Let’s take an example of the equilibrium of an economy. According to Keynesian, the position of final equilibrium of any product market where;
Y = C+ I
Y= Total Income
C= Total Consumption
I= Total Investment
Let’s discuss the final equilibrium with the figure;
In the above figure, line 45° represents the total income that is consumed and invested by the people in the economy. According to Keynesian, the economy is in equilibrium where Y=C+I (aggregate demand = aggregate supply). In above, an economy is an equilibrium at point E where the equilibrium national income is OY. This type of equilibrium is studied under macro-static analysis. This type of analysis only shows the relationship between related variables under static conditions does not show the process through which it is attained.
Comparative Statics Analysis
Comparative statics analysis involves a comparative study of the different equilibrium positions at different points of time on an economy. But it doesn’t study how the equilibrium shifts from one point to another in an economy. A comparative study of this kind assumes a great significance where the objective of the study is to predict the future course of the economy on the basis of past experience.
Let’s discuss comparative statics analysis take an example of two equilibrium positions of an economy.

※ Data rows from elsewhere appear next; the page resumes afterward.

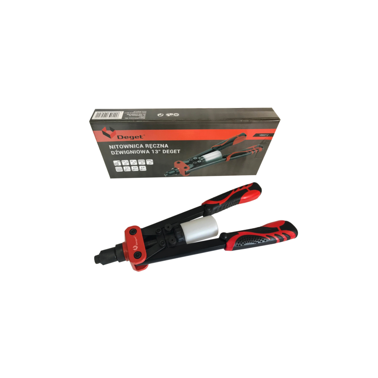 Nituitoare manuală concepută pentru nituri de rupere din aluminiu, cupru, oțel și oțel inoxidabil în intervalul de la 3,2 mm la 4,8 mm. Corp și mâner din oțel carbon. Mecanismul de tragere are trei fălci. Datorită grosimii adecvate a peretelui și lungimii brațului selectate corespunzător, folosim unealta de nituire fără a folosi cantități mari de forță. Containerul pentru miezurile de nit sparte menține locul de muncă curat.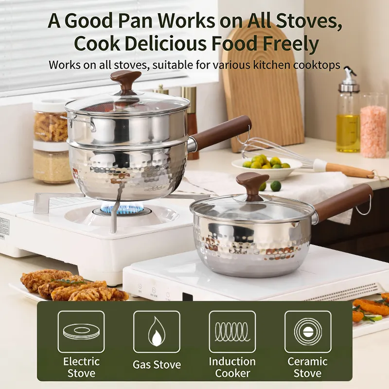 Hammer Pattern Design & All Stovetops Compatible: Features a stylish hammered texture for anti-scalding and heat distribution, compatible with gas, induction, electric, and ceramic stovetops for versatile home cooking.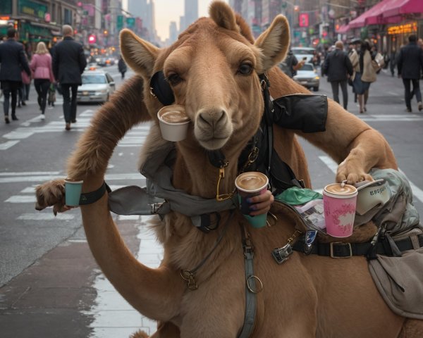 A whimsical scene featuring a ceramic woman in an apron, preparing tea at a quaint kitchen setup. Surrounding her are vintage utensils, plants, and a charming backdrop of soft clouds. L'heure du thé aux nouilles dans une cuisine pittoresque. ᕙ༼◕ ᴥ ◕༽ᕗ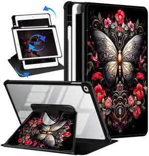 Casetego for iPad 6th/5th Generation 9.7 Inch Case,with Pencil Holder,360Rotating Adjustable Stand Protective Cover,Black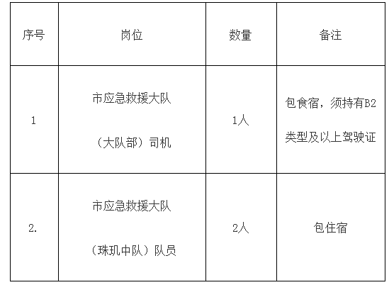 应聘市应急救援大队(珠玑中队)队员岗位要求18-30周岁男性(即1995年10月31日-2007年10月31日出生的);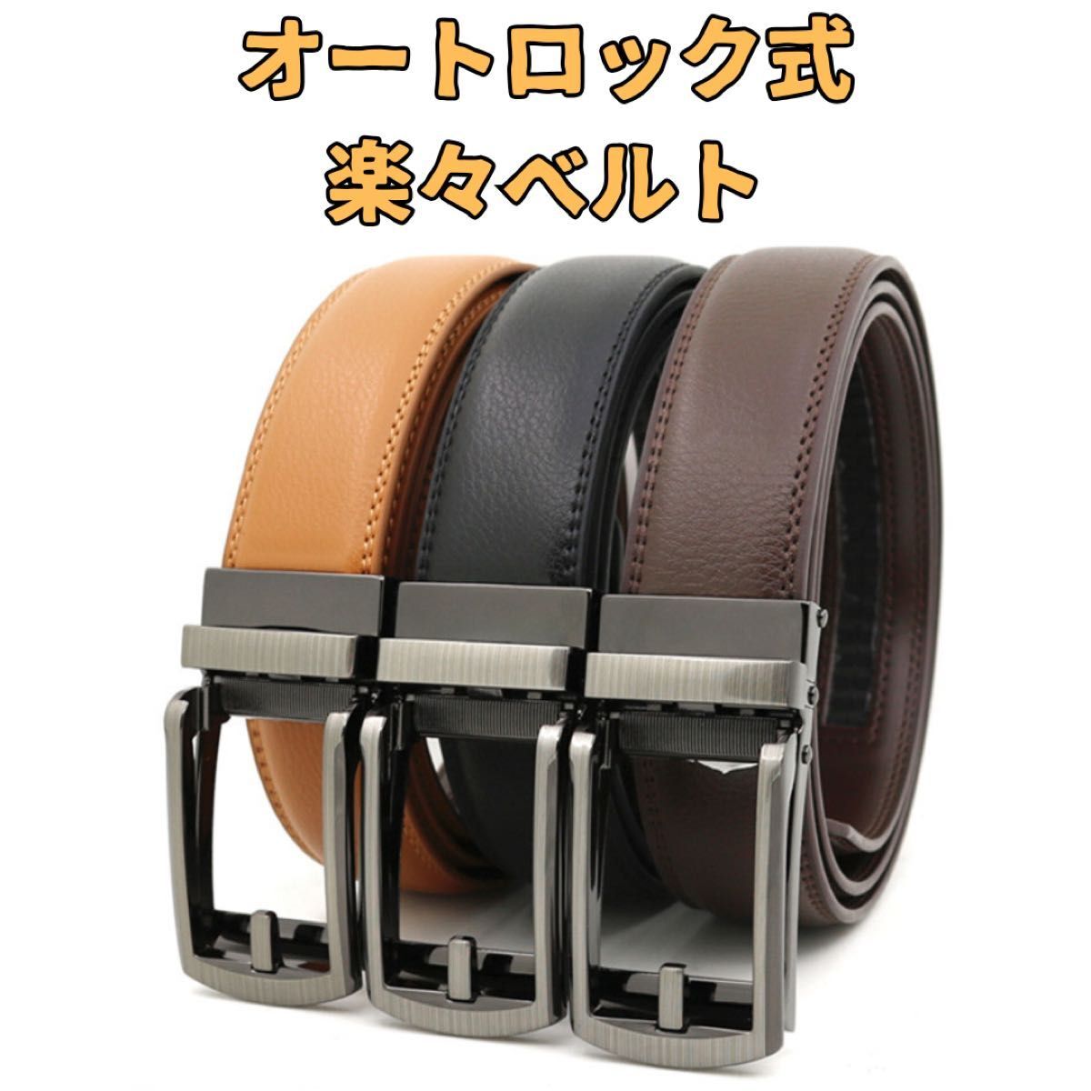 オートロック 穴なし レザー 革 ブラック 黒色 ブラウン 茶色 キャメル ビジネス スーツ ベルト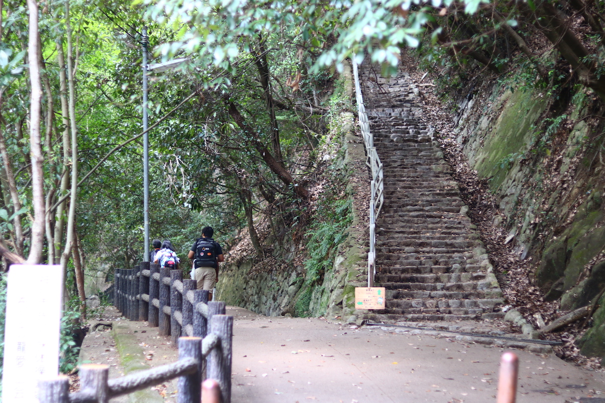 砂子橋からすぐに分岐があり、右の階段を行くと布引の滝いちばんの見どころ「雄滝(おんたき)」へ。左の道を行くと小規模な「雌滝(めんたき)」へと繋がります。まずは雌滝目指してレッツゴー!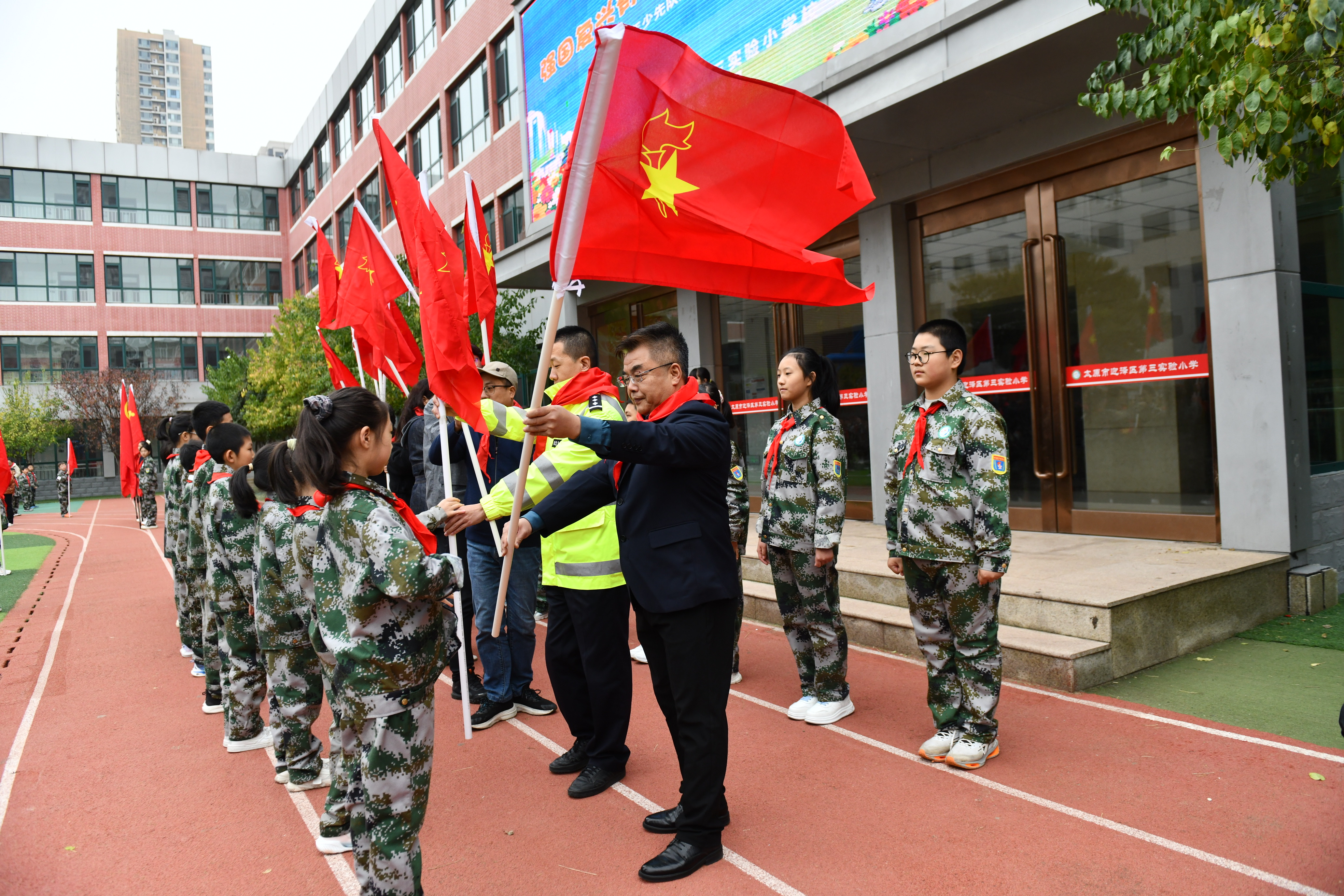队委就职环节,少先队大队委张丰林带领全体少先队员宣誓,“为共产主义事业而奋斗”的誓言铿锵有力;大队长亓灵犀代表大队委员会命名各中队并授中队旗,标志着新一届大队委正式接过“引领责任”。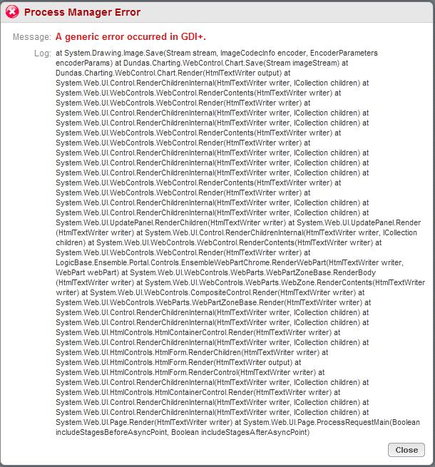 Open IIS, find the ProcessManager Application Website, and reset it's application pool to the previously configured app pool. Please note that the ProcessManager, SymWebInclude, and SymWorkflowPages web applications/pages must all be in the same application pool.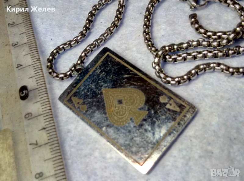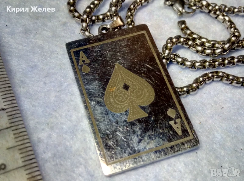 СТИЛЕН ПОКЕРДЖИЙСКИ АРТ МЕДАЛЬОН АСО ПИКА от ЛЕГИРАНА БЛАГОРОДНА СТОМАНА със СТОМАНЕНА ВЕРИЖКА 38440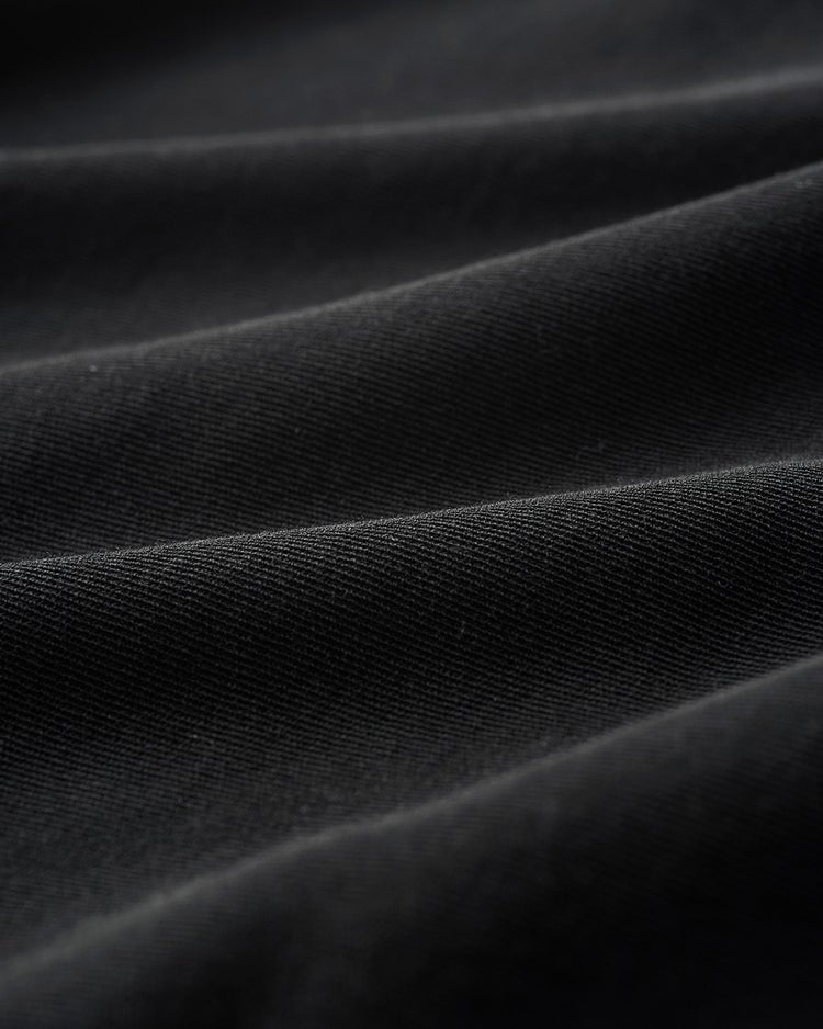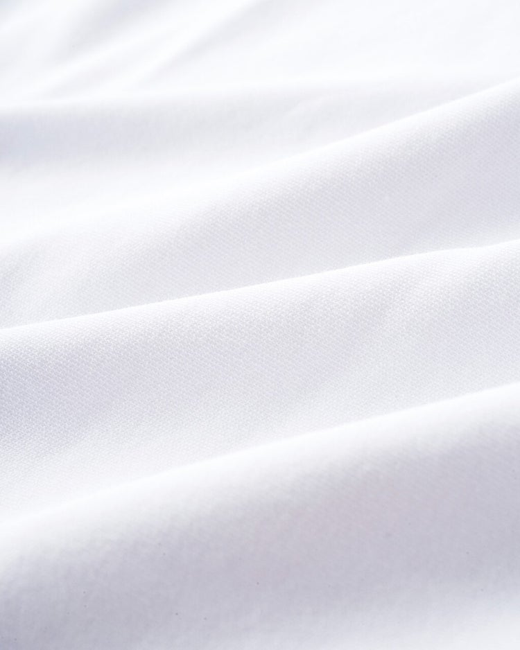 世界中で栽培される綿花のうち、わずか5%とも言われるプレミアムコットン、「超長綿」を紡いだ100番手の極細糸を贅沢に使用。2本撚糸(双糸)にしてふっくらきめ細かく編み立てた、通称「100双」のジャージー素材は、糸を強く撚ることで肌と接する面積が小さくなり、肌ばなれの良い爽やかな風合いに仕上がります。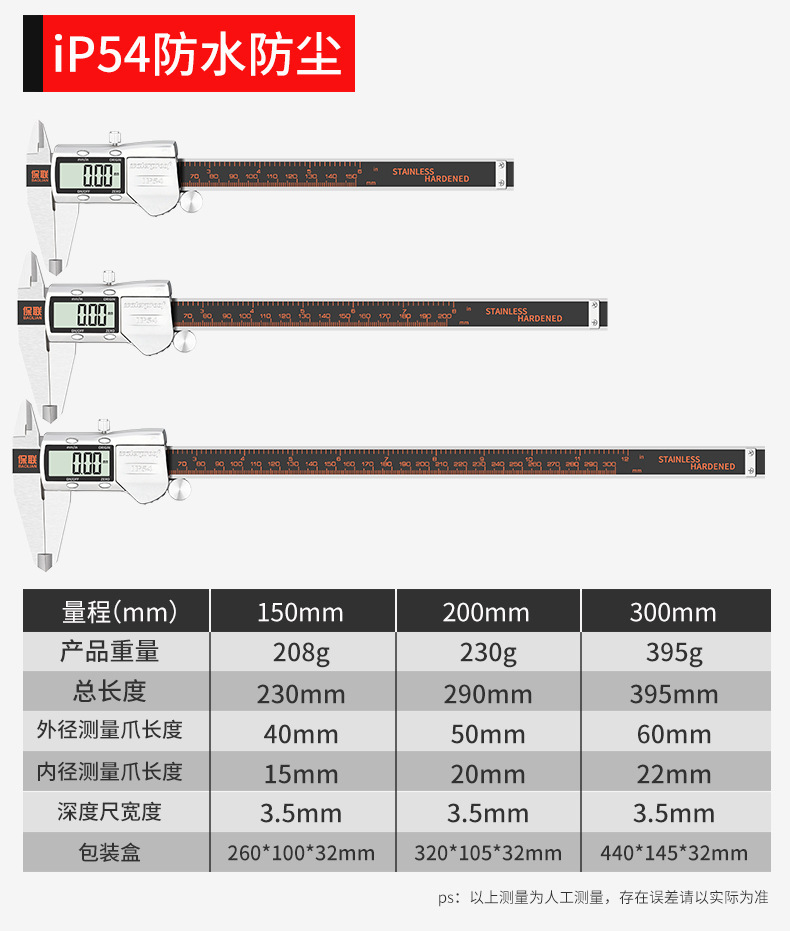 • IP54 방수 디지털 캘리퍼스(300mm)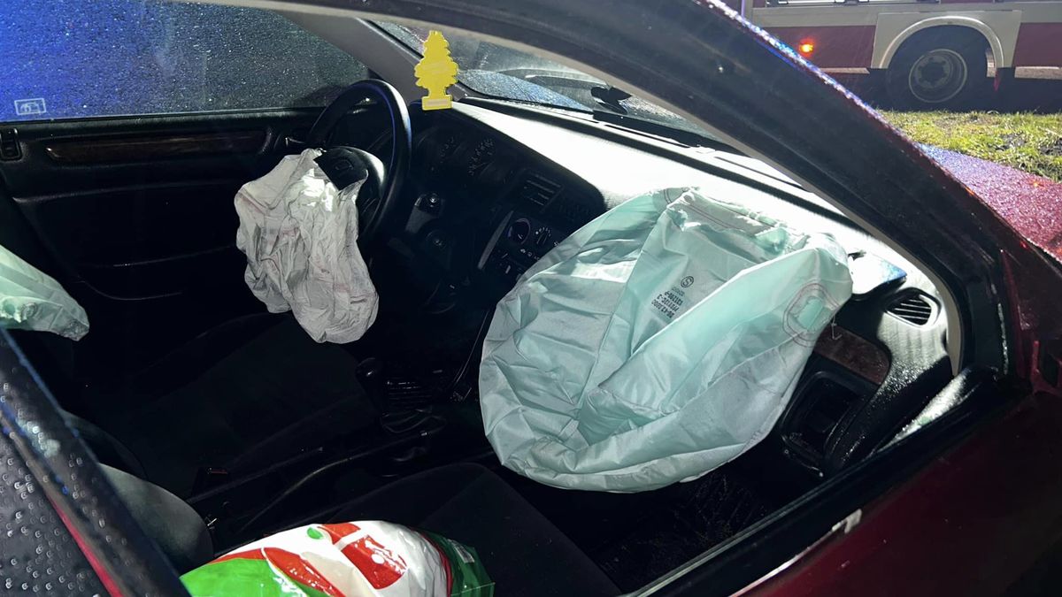 W wyniku zderzenia osobówki z ciężarówką do szpitala został przewieziony pasażer hondy.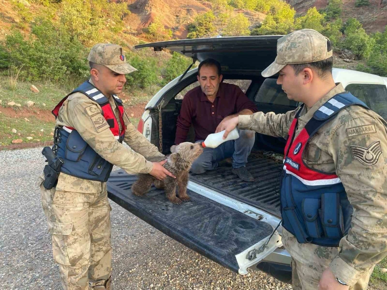 Siirt’te Jandarma tarafından bulunan yaralı Şahin koruma altına alınırken yavru ayıya süt verilip doğaya bırakıldı.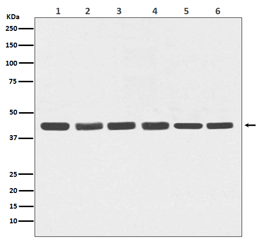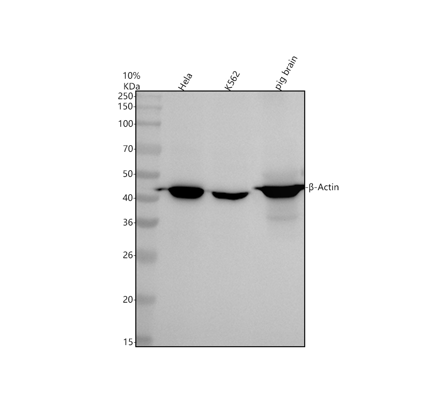 Western blot analysis of Beta Actin/ACTB using anti-Beta Actin/ACTB antibody (BA2305). The sample well of each lane was loaded with 30 ug of sample under reducing conditions.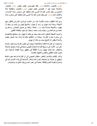 ،تارﺎﻣﻹا ﺔﻟود ىﻮﺘﺴﻣ ﻰﻠﻋ 2023 مﺎﻌﻟ ﻲﺑﺮﻌﻟا ةءاﺮﻘﻟا يﺪﺤﺗ ﻞﻄﺑ يرﻮﺼﻨﻤﻟا

Above figure Fig. 2, line 45° represents the consumption and investment by the people at a level of income in the economy. According to Keynesian, the economy is in equilibrium where Y=C+I (aggregate demand = aggregate supply). In the above, an economy is an equilibrium at points E1 and E2 where the equilibrium national income is OY1 and OY2. This type of equilibrium is studied under comparative static analysis. This type of analysis shows the equilibrium is shifted from E1 to E2 due to increasement in the level of income from OY1 to OY2. This types of analysis compare one equilibrium position to another due to certain increasement in their concerned variables. This analysis also does not shows the process of shifting from one equilibrium to another like the macro-statics analysis.
When a macroeconomic phenomenon is analyzed under changing or dynamic conditions, it is called dynamic analysis. The macro-static and comparative analysis doesn’t show the process through which equilibrium is attained but dynamic analysis explains the process through which a new equilibrium is established after a change in independent macroeconomic variables. Dynamic analysis studies the factor and forces that lead to change in the equilibrium of an economy. The interaction between the forces of change is not instantaneous and simultaneous. It involves time lag i.e. the time that a force of change takes to affect the other related factors and the time that other factors take to adjust themselves to the change.
Let’s discuss it with an example;
In the above figure fig. 3, E1 is the initial equilibrium at income level OY1. When there is an increase in investment (∆I), the total aggregate expenditure (C+I) also increases. The increase in the expenditure of people (from Y1E1 to Y1A at OY1) increases the level of aggregate income level to OY2. At this increased new level of income, people will spend more on consumption goods (C) and therefore the next period’s total expenditure (C+I) increases to Y2C. Further, the process of increasing expenditure raises the level of income continues until the new equilibrium E2 where the level of national income is OY4.
This type of analysis is studied under dynamic analysis. From above we can see how the equilibrium is shifted from one point to another in an economy and the factor and forces that lead. We study here the entire process.